Ending Speculation, Joe Biden Declines Presidential Run

Biden Obama
Vice President Joe Biden announces he will not seek the 2016 Democratic presidential nomination as President Barack Obama stands by his side during an appearance in the White House Rose Garden on October 21, 2015.... Reuters

Ending months of fevered speculation, Vice President Joe Biden announced that he will not enter the 2016 presidential race—a move that cleared the field for the leading candidates Hillary Clinton and Bernie Sanders, who have amassed massive war chests, numerous endorsements and thousands of loyal followers.

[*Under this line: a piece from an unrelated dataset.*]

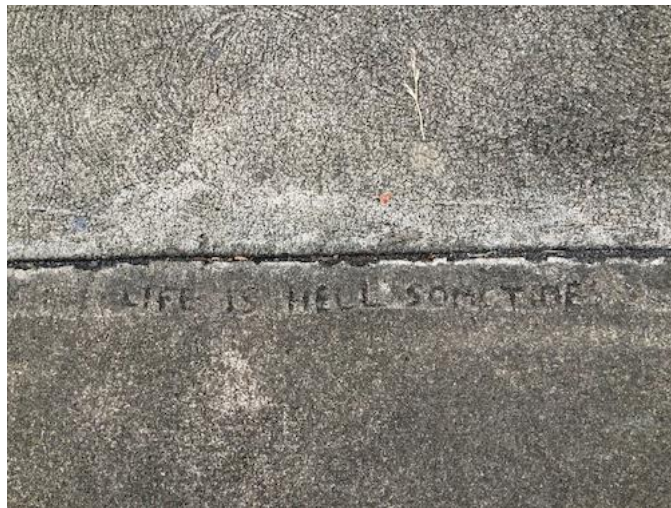
Figure 10 "Life Is Hell Sometimes," Campus Sidewalk, May 2014

without any affective ties at all—and sometimes it's both of these things together. Moreover, the associations scholars frequently make between being a volunteer and/or having an affective reason to care do not automatically establish care work as something that is also not legitimized. As those in this chapter illustrate, being a subject and provider of care frequently blurs the space between paid and volunteer work, personal experience and professionalization. Perhaps this blurring is what makes narratives of care worker experiences so powerful and their care so consequential.

Standing in the White House Rose Garden with his wife, Jill, and President Barack Obama by his side, Biden said the "grieving process" stemming from the death of his son Beau earlier this year did not allow a presidential bid. He vowed to use his remaining time in office to promote a cure for cancer, which claimed his son's life, and took what could be perceived as a thinly veiled jab at Clinton by saying Republicans are not the enemy. In the first presidential debate, Clinton was asked who is the enemy she is most proud of having, and she replied, "The Republicans."

This would have been Biden's third run for the presidency, and it faced long odds. His first was an aborted effort to win the 1988 Democratic nomination, which ended in 1987 after he was accused of plagiarizing the words of Britain's Labour Party leader Neil Kinnock. Biden tried again in 2008 but dropped out after the Iowa caucuses—where he garnered just 1 percent of the vote, far behind front-runners Clinton and Obama, and just ahead of "Uncommitted."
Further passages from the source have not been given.